Khaled Hosseini, the number-one New York Times best-selling author of The Kite Runner and A Thousand Splendid Suns, has written a new novel about how we love, how we take care of one another, and how the choices we make resonate through generations. In this tale revolving around not just parents and children but brothers and sisters, cousins and caretakers, Hosseini explores the many ways in which families nurture, wound, betray, honor, and sacrifice for one another; and how often we are surprised by the actions of those closest to us, at the times that matter most. Following its characters and the ramifications of their lives and choices and loves around the globefrom Kabul to Paris to San Francisco to the Greek island of Tinosthe story expands gradually outward, becoming more emotionally complex and powerful with each passing minute.

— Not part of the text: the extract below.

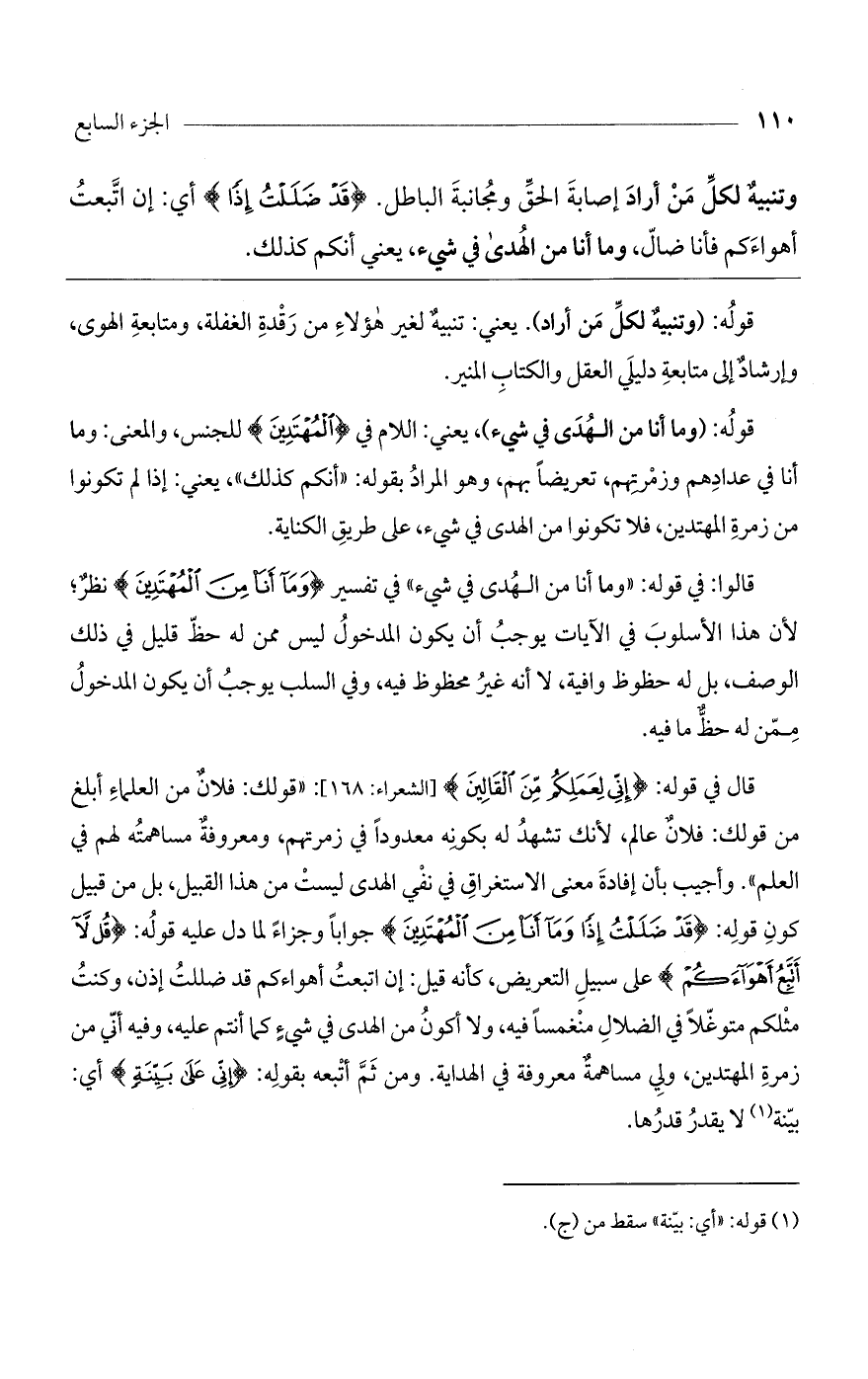 قال في قوله: (إنِّي لِعَمَلِكُم مِّنَ القَالِينَ) [الشعراء: 168]: "قولك: فلان من العلماء أبلغ من قولك: فلان عالم، لأنك تشهد له بكونه معدوداً في زمرتهم، ومعروفة مساهمته لهم في العلم". وأجيب بأن إفادة معنى الاستغراق في نفي الهدى ليست من هذا القبيل، بل من قبيل كون قوله: (قَدْ ضَلَلْتُ إذًا ومَا أَنَا مِنَ المُهْتَدِينَ) جوابا وجزاءً لما دل عليه قوله: (قُل لاَّ أَتَّبِعُ أَهُوَاءَكُمْ) على سبيل التعريض، كأنه قيل: إن اتبعت أهواءكم قد ضللت إذن، وكنت مثلكم متوغلاً في الضلال منغمساً فيه، ولا أكون من الهدى في شيءٍ كما أنتم عليه، وفيه أني من زمرة المهتدين، ولي مساهمته معروفة في الهداية. ومن ثم أتبعه بقوله: (إنِّي عَلَى بَيِّنَةٍ) أي: بينة لا يقدر قدرها.

©2013 Khaled Hosseini (P)2013 Penguin Audio
Hosseini has an amazingly intimate understanding of human relationships and invests it in his novel. However, the narration is one of the most difficult I have ever heard. Rather than relaxing and submerging myself in the literary art of the author, I am constantly struggling to understand what is narrated, frequently replaying sections. While meaning absolutely no disrespect for the individual narrators or for any ethnic accent, I can come up with no reason whatsoever why a book narrated in any given language shouldn't indeed be narrated in that natural language rather than heavily accented from another language. If I write a book in English but wish it to be narrated in Afghanistan, I would make a point of finding a narrator who spoke natural Pashto and/or Dari, not in a heavily accented foreign-language translation. Just writing this note leaves me frustrated since I doubt it will reach any ear that will have any constructive effect. I must assume that the author himself is involved in the choice of the narrators and I do wish he were able to see this comment in the respectful manner in which it is intended.
I find the writing of Khaled Hosseini to be magical and this book does not disappoint. However, if you are expecting a similar book to the previous two by this author, don't.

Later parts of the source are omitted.